>>

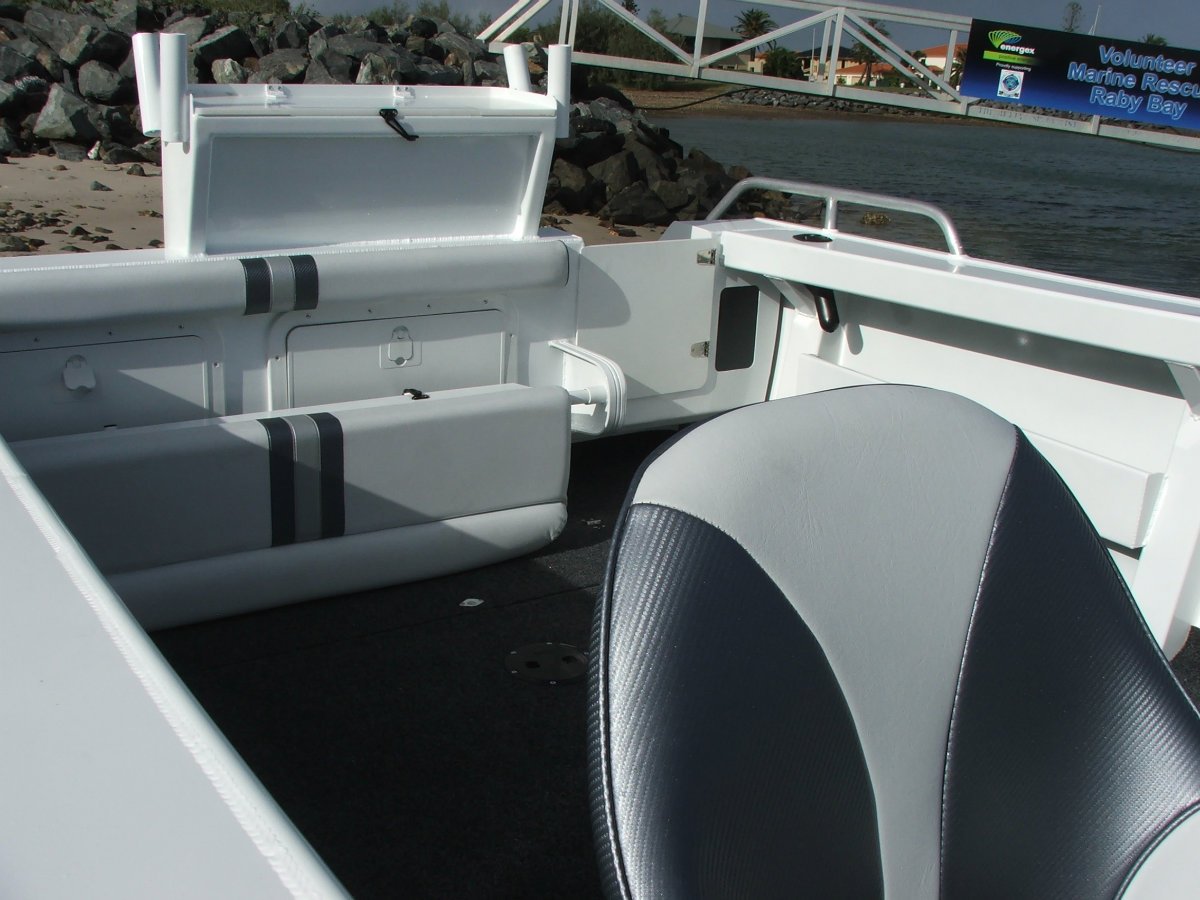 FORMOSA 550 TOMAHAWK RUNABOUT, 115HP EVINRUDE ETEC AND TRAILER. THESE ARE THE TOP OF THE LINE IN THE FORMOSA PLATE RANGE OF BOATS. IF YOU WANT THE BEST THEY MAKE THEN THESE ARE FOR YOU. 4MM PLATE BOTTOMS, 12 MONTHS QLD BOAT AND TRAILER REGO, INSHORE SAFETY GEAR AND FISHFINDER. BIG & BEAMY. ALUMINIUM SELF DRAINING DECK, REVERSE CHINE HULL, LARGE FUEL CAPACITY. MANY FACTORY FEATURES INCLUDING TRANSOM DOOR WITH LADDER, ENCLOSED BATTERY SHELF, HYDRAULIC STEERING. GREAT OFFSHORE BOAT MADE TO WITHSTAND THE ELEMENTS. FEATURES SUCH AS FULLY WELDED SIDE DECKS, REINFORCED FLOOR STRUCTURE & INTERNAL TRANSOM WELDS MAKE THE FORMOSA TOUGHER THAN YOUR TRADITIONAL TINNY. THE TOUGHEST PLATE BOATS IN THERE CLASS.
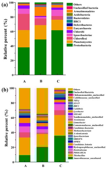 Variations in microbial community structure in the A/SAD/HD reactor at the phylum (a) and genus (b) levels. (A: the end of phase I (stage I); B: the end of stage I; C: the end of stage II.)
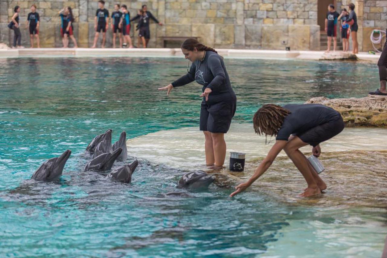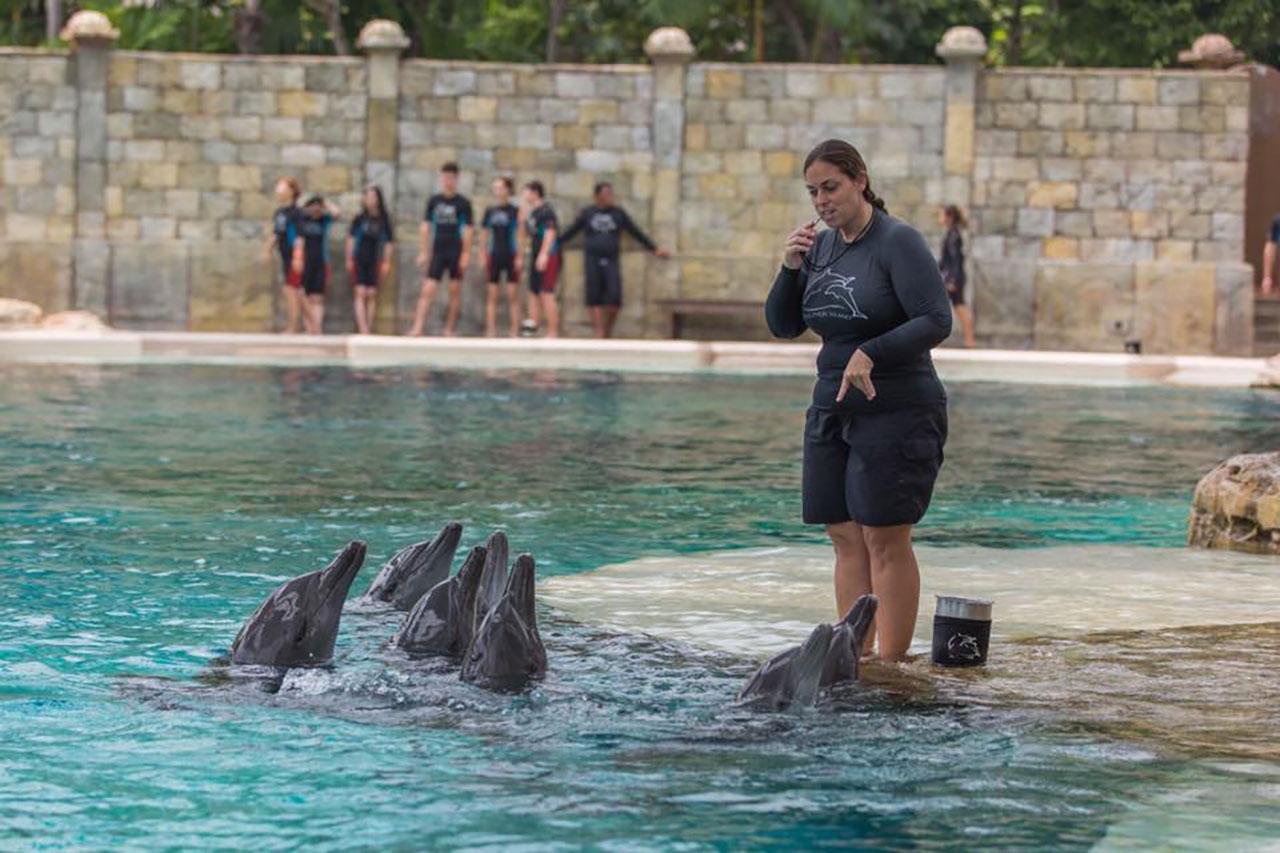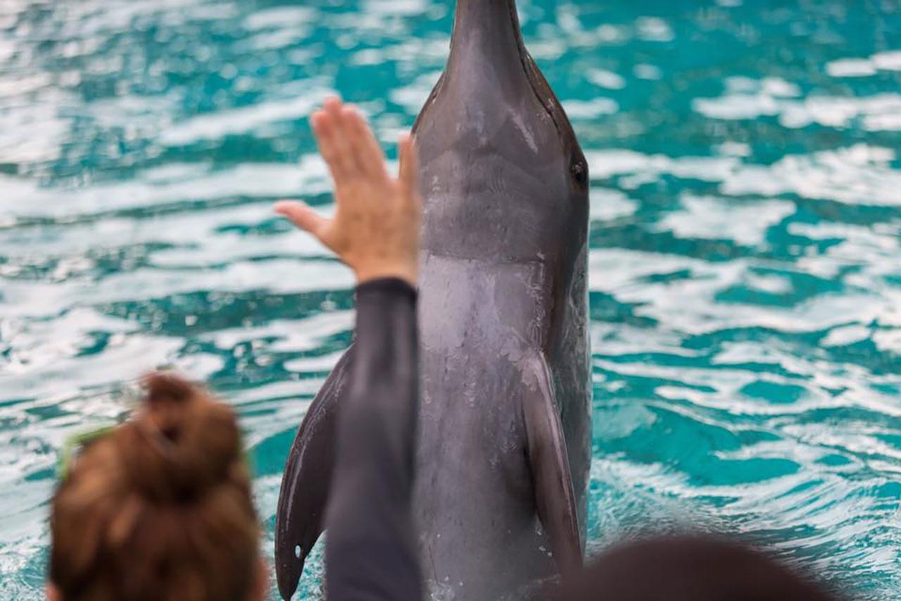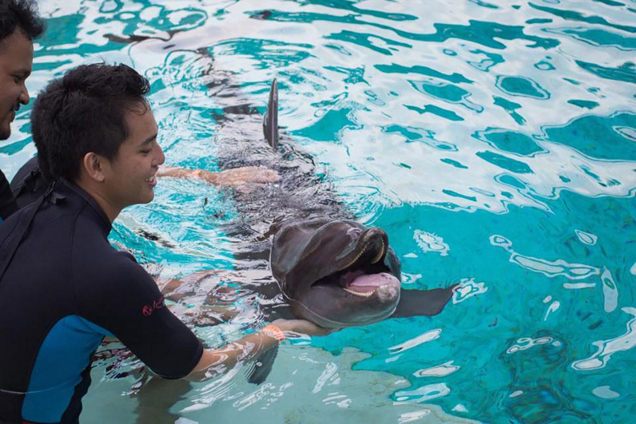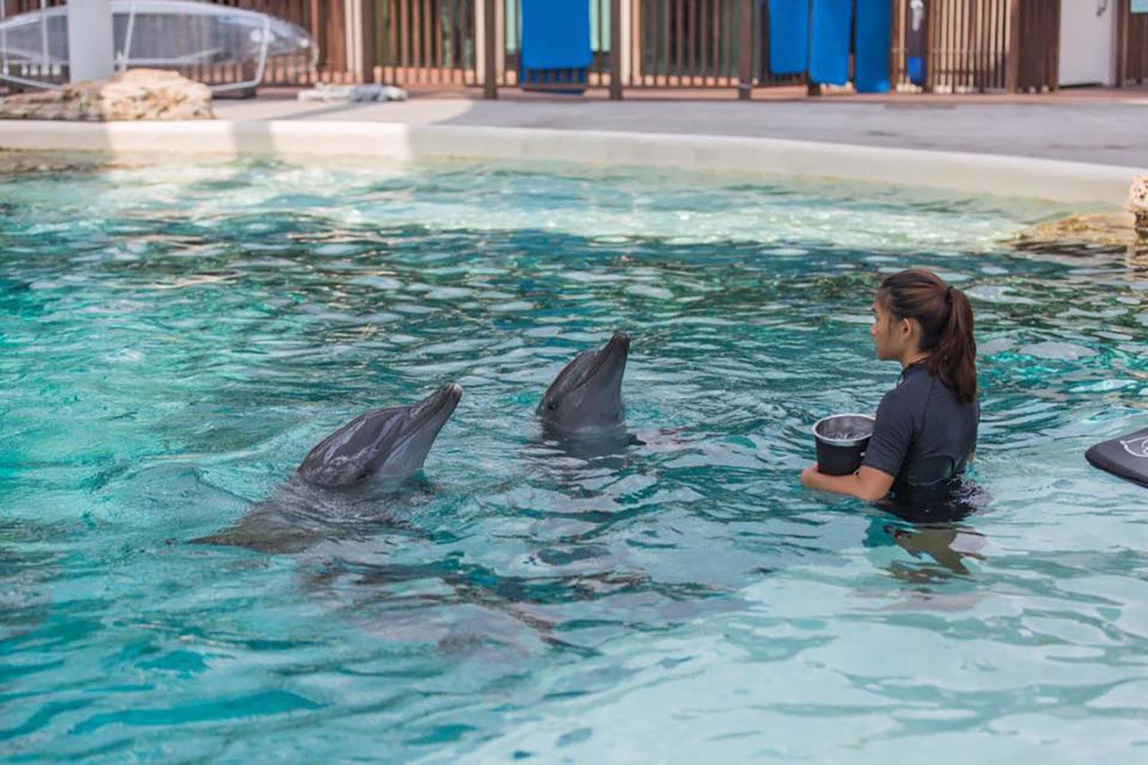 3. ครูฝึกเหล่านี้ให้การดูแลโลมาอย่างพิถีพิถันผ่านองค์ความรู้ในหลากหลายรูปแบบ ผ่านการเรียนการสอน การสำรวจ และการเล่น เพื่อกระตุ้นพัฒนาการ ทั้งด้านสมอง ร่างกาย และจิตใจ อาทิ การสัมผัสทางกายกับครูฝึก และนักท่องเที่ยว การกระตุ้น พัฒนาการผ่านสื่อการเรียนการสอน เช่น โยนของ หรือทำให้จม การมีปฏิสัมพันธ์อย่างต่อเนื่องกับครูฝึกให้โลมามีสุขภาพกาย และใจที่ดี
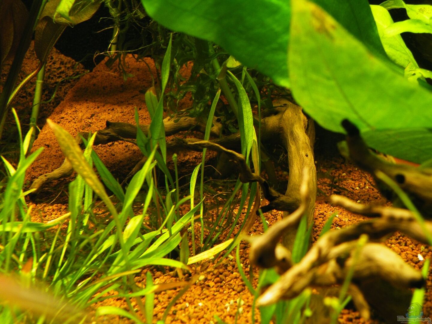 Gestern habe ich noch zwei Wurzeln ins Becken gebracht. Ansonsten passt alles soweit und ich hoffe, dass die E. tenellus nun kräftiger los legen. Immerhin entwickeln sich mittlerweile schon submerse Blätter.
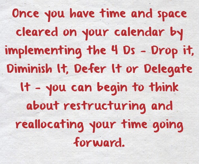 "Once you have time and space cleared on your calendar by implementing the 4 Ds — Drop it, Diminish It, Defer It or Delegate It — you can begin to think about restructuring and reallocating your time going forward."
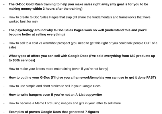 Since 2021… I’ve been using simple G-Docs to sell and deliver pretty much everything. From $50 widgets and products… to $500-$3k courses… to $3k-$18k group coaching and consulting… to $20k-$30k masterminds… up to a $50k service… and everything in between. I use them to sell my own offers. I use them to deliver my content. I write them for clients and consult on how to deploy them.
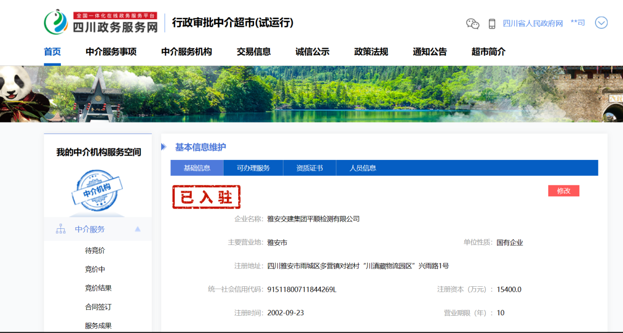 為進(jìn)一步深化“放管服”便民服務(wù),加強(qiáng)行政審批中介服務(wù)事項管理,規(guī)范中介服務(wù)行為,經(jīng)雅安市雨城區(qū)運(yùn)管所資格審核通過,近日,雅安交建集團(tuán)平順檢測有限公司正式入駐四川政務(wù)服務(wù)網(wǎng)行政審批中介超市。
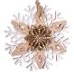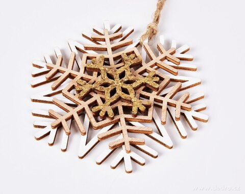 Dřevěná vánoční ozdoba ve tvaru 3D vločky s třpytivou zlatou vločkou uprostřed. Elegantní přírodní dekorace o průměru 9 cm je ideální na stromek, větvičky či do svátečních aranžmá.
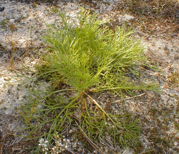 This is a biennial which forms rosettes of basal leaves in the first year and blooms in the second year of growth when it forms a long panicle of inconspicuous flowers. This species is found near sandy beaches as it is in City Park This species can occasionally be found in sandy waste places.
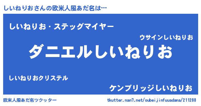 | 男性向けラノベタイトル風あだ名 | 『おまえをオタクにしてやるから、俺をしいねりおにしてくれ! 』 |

<<

▸ **YOUR TASK**
Please write the material out again exactly as shown above, minus any pictures.

▸ **EXERCISE RESPONSE**
 FORMOSA 550 TOMAHAWK RUNABOUT, 115HP EVINRUDE ETEC AND TRAILER. THESE ARE THE TOP OF THE LINE IN THE FORMOSA PLATE RANGE OF BOATS. IF YOU WANT THE BEST THEY MAKE THEN THESE ARE FOR YOU. 4MM PLATE BOTTOMS, 12 MONTHS QLD BOAT AND TRAILER REGO, INSHORE SAFETY GEAR AND FISHFINDER. BIG & BEAMY. ALUMINIUM SELF DRAINING DECK, REVERSE CHINE HULL, LARGE FUEL CAPACITY. MANY FACTORY FEATURES INCLUDING TRANSOM DOOR WITH LADDER, ENCLOSED BATTERY SHELF, HYDRAULIC STEERING. GREAT OFFSHORE BOAT MADE TO WITHSTAND THE ELEMENTS. FEATURES SUCH AS FULLY WELDED SIDE DECKS, REINFORCED FLOOR STRUCTURE & INTERNAL TRANSOM WELDS MAKE THE FORMOSA TOUGHER THAN YOUR TRADITIONAL TINNY. THE TOUGHEST PLATE BOATS IN THERE CLASS.
 Variations in microbial community structure in the A/SAD/HD reactor at the phylum (a) and genus (b) levels. (A: the end of phase I (stage I); B: the end of stage I; C: the end of stage II.)
 3. ครูฝึกเหล่านี้ให้การดูแลโลมาอย่างพิถีพิถันผ่านองค์ความรู้ในหลากหลายรูปแบบ ผ่านการเรียนการสอน การสำรวจ และการเล่น เพื่อกระตุ้นพัฒนาการ ทั้งด้านสมอง ร่างกาย และจิตใจ อาทิ การสัมผัสทางกายกับครูฝึก และนักท่องเที่ยว การกระตุ้น พัฒนาการผ่านสื่อการเรียนการสอน เช่น โยนของ หรือทำให้จม การมีปฏิสัมพันธ์อย่างต่อเนื่องกับครูฝึกให้โลมามีสุขภาพกาย และใจที่ดี
 Gestern habe ich noch zwei Wurzeln ins Becken gebracht. Ansonsten passt alles soweit und ich hoffe, dass die E. tenellus nun kräftiger los legen. Immerhin entwickeln sich mittlerweile schon submerse Blätter.
 "Once you have time and space cleared on your calendar by implementing the 4 Ds — Drop it, Diminish It, Defer It or Delegate It — you can begin to think about restructuring and reallocating your time going forward."
 Since 2021… I’ve been using simple G-Docs to sell and deliver pretty much everything. From $50 widgets and products… to $500-$3k courses… to $3k-$18k group coaching and consulting… to $20k-$30k masterminds… up to a $50k service… and everything in between. I use them to sell my own offers. I use them to deliver my content. I write them for clients and consult on how to deploy them.
 為進(jìn)一步深化“放管服”便民服務(wù),加強(qiáng)行政審批中介服務(wù)事項管理,規(guī)范中介服務(wù)行為,經(jīng)雅安市雨城區(qū)運(yùn)管所資格審核通過,近日,雅安交建集團(tuán)平順檢測有限公司正式入駐四川政務(wù)服務(wù)網(wǎng)行政審批中介超市。
 Dřevěná vánoční ozdoba ve tvaru 3D vločky s třpytivou zlatou vločkou uprostřed. Elegantní přírodní dekorace o průměru 9 cm je ideální na stromek, větvičky či do svátečních aranžmá.
 This is a biennial which forms rosettes of basal leaves in the first year and blooms in the second year of growth when it forms a long panicle of inconspicuous flowers. This species is found near sandy beaches as it is in City Park This species can occasionally be found in sandy waste places.
 | 男性向けラノベタイトル風あだ名 | 『おまえをオタクにしてやるから、俺をしいねりおにしてくれ! 』 |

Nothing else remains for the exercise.